The right-angled station building at Osnabruck (via A.Savin)

Osnabruck has quite a weird layout; several lines meet there, and it has low-level platforms going in one direction and high-level platforms running perpendicular to them. I jumped off my first train on the low-level platforms and made a mad dash for the high-level platforms to meet the Amsterdam train (though as it turned out I still had a few minutes to spare). When I got on the train, my reserved seat was already empty so I didn't have any issues there. The transfer at Rheine would have been a cross-platform one, like at Flensburg - but the Koblenz train was about ten minutes late by that point, and it hadn't arrived by the time the Amsterdam train left. So I'm very glad I went with my gut - if I hadn't, I'd have been spending the night in Rheine! 

Another cross-platform interchange at Rheine, but with one train conspicuously absent

After a long wait at Bad Bentheim, which I gather was to change from a German loco to a Dutch one, we sailed slowly through the Netherlands to arrive at Amsterdam at 11pm, after a very long day spent reading books and watching the world go by out the train window...something I very much missed in 2020. 

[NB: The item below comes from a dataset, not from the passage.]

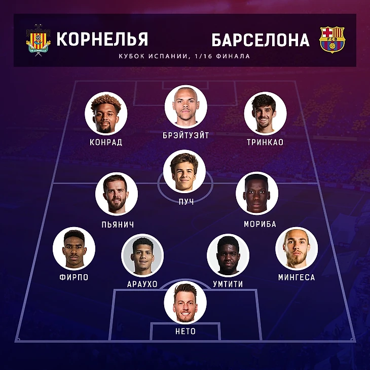 Пуч, Мориба и Конрад в стартовом составе. Ориентировочный состав «Барселоны» на игру с «Корнельей»

The German rail network may not be as efficient and punctual as I expected, but it certainly is comprehensive. The German and Danish countryside out the train window were gorgeous, as was Copenhagen - and while the Fehmarn fixed link is an incredibly cool project, I'm glad I had the chance to ride the train ferry before it disappeared. All in all, an amazing trip, and I hope I can go back one day and see more of this part of the world.